● **SOURCE INFORMATION**
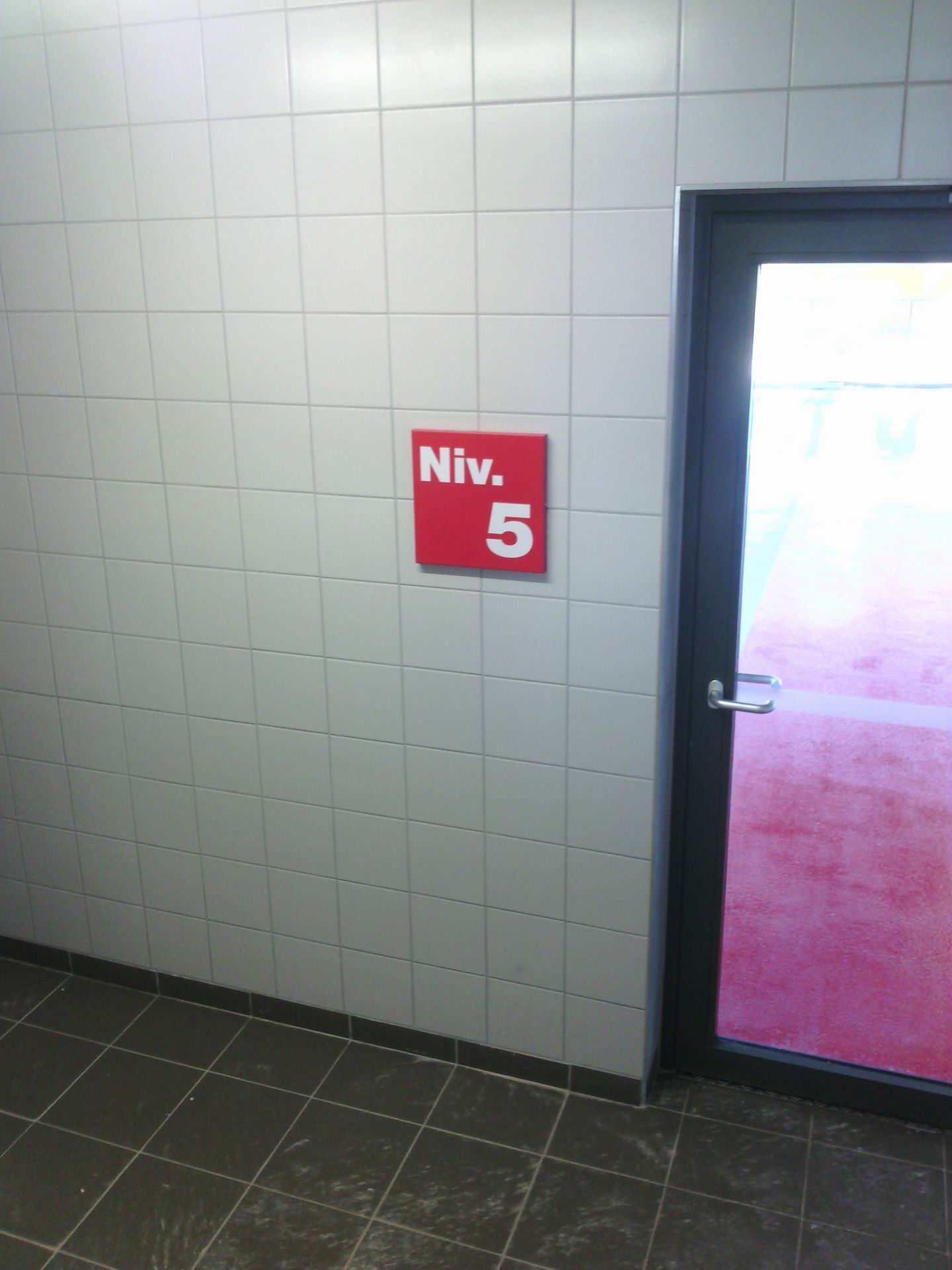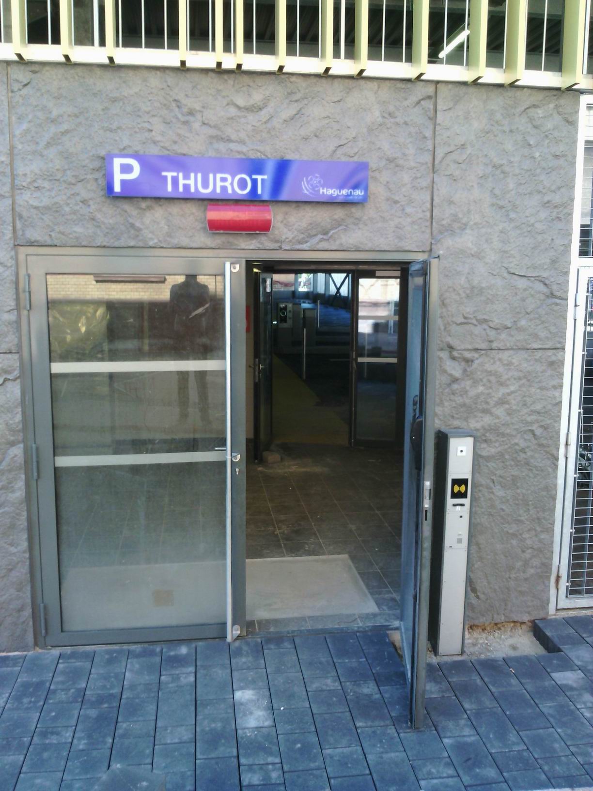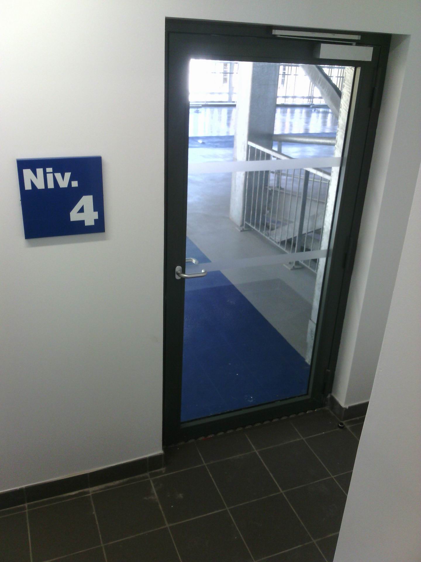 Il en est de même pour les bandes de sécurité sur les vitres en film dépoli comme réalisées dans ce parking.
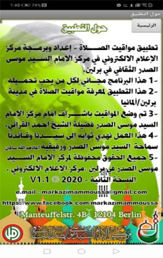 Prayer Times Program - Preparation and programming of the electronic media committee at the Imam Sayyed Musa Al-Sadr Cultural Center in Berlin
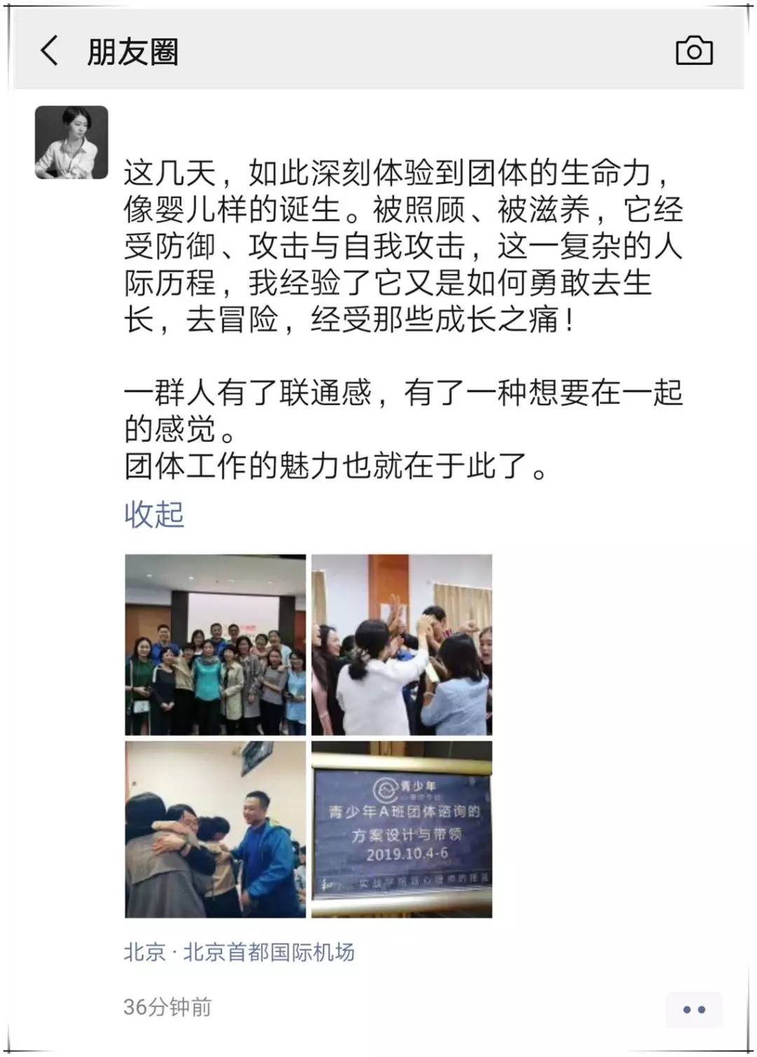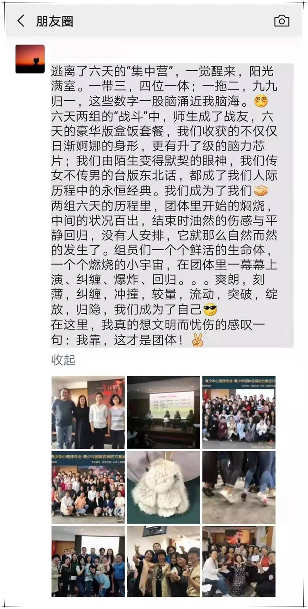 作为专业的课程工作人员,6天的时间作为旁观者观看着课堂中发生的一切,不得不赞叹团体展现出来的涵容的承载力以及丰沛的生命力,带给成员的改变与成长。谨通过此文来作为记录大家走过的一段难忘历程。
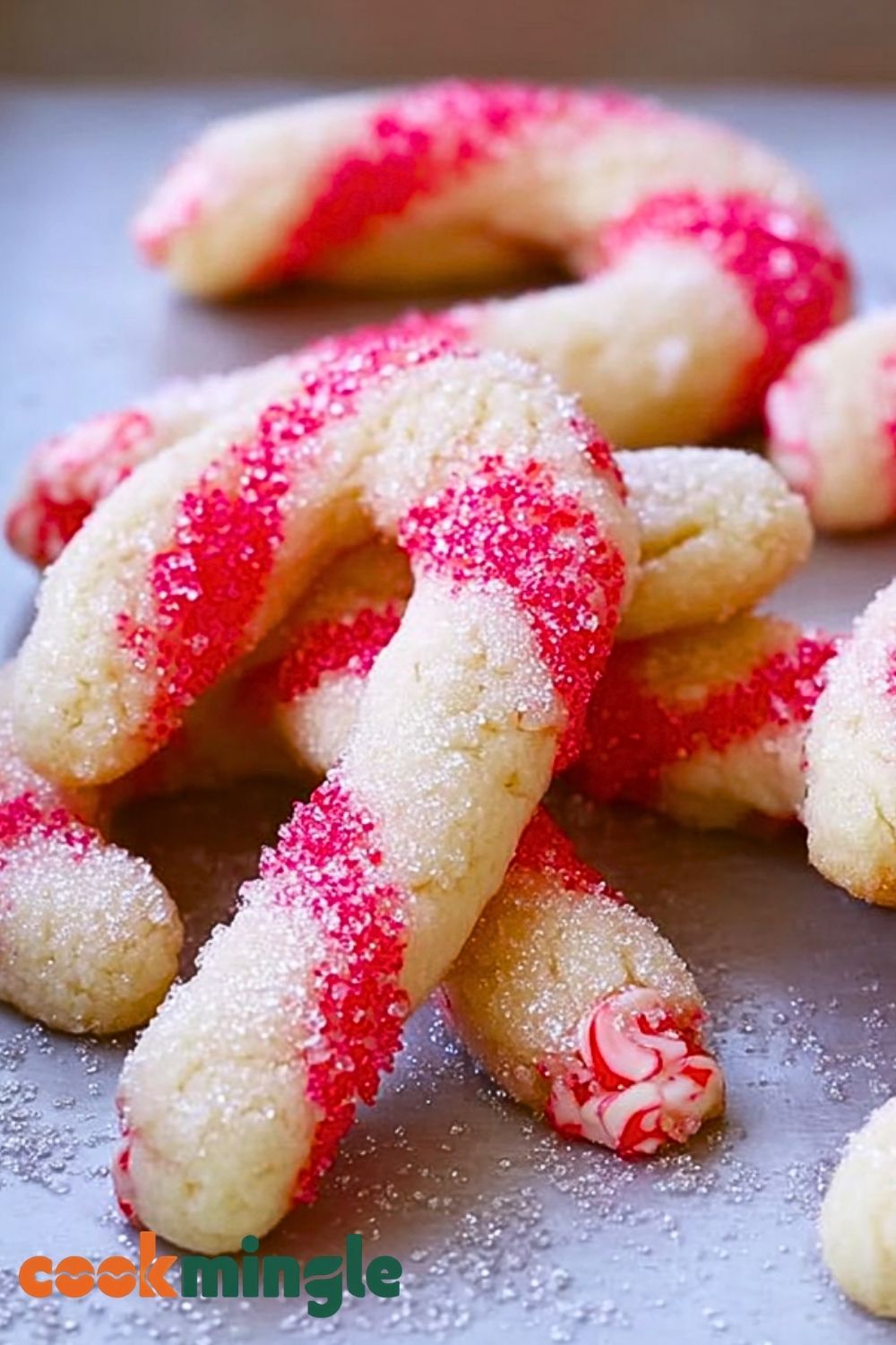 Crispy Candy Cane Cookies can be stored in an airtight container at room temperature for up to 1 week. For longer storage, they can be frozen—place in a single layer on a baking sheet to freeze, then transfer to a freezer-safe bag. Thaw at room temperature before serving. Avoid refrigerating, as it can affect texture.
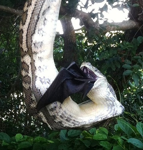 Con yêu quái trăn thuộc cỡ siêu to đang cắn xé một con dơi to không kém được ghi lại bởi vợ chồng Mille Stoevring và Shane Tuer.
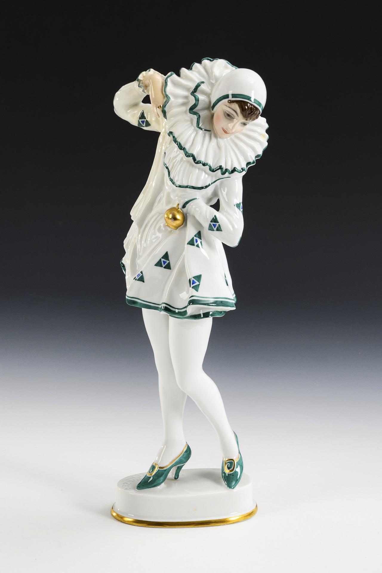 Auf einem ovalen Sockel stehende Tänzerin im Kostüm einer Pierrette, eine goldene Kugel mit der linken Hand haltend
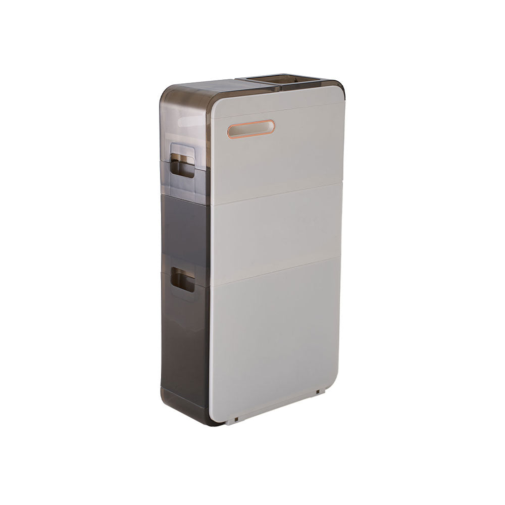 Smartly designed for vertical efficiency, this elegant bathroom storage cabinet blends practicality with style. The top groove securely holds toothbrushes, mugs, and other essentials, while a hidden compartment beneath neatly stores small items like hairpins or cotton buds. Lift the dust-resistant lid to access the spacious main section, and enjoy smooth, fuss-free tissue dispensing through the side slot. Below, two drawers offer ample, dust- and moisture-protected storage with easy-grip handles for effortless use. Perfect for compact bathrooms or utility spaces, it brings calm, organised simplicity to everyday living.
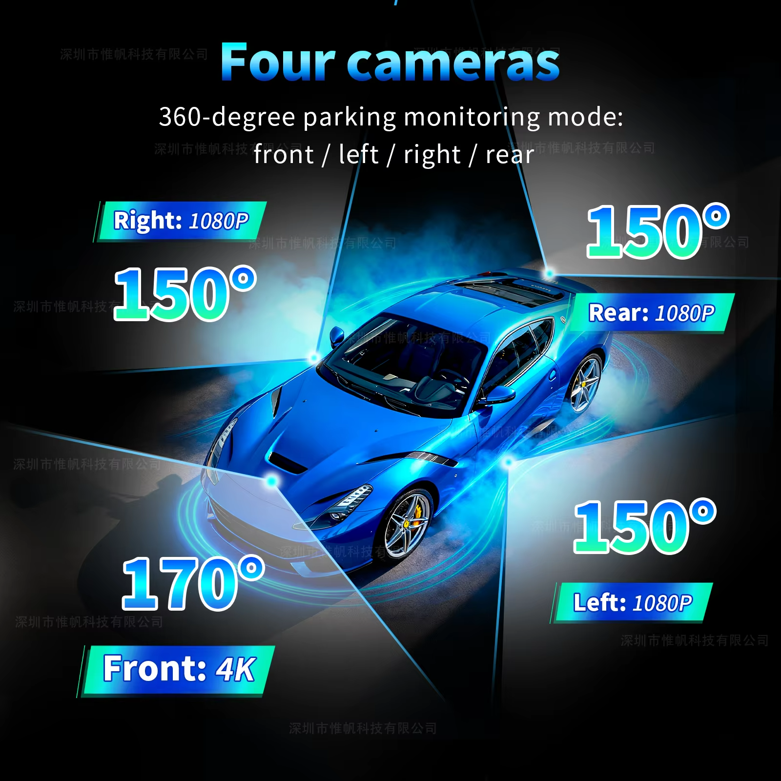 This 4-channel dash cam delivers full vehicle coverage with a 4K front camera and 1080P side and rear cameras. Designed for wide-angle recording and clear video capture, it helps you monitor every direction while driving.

● **THE TASK**
Each line of the material goes into your copy unchanged, but no picture does.

● **RESPONSE TO THE TASK**
 Il en est de même pour les bandes de sécurité sur les vitres en film dépoli comme réalisées dans ce parking.
 Prayer Times Program - Preparation and programming of the electronic media committee at the Imam Sayyed Musa Al-Sadr Cultural Center in Berlin
 作为专业的课程工作人员,6天的时间作为旁观者观看着课堂中发生的一切,不得不赞叹团体展现出来的涵容的承载力以及丰沛的生命力,带给成员的改变与成长。谨通过此文来作为记录大家走过的一段难忘历程。
 Crispy Candy Cane Cookies can be stored in an airtight container at room temperature for up to 1 week. For longer storage, they can be frozen—place in a single layer on a baking sheet to freeze, then transfer to a freezer-safe bag. Thaw at room temperature before serving. Avoid refrigerating, as it can affect texture.
 Con yêu quái trăn thuộc cỡ siêu to đang cắn xé một con dơi to không kém được ghi lại bởi vợ chồng Mille Stoevring và Shane Tuer.
 Auf einem ovalen Sockel stehende Tänzerin im Kostüm einer Pierrette, eine goldene Kugel mit der linken Hand haltend
 Smartly designed for vertical efficiency, this elegant bathroom storage cabinet blends practicality with style. The top groove securely holds toothbrushes, mugs, and other essentials, while a hidden compartment beneath neatly stores small items like hairpins or cotton buds. Lift the dust-resistant lid to access the spacious main section, and enjoy smooth, fuss-free tissue dispensing through the side slot. Below, two drawers offer ample, dust- and moisture-protected storage with easy-grip handles for effortless use. Perfect for compact bathrooms or utility spaces, it brings calm, organised simplicity to everyday living.
 This 4-channel dash cam delivers full vehicle coverage with a 4K front camera and 1080P side and rear cameras. Designed for wide-angle recording and clear video capture, it helps you monitor every direction while driving.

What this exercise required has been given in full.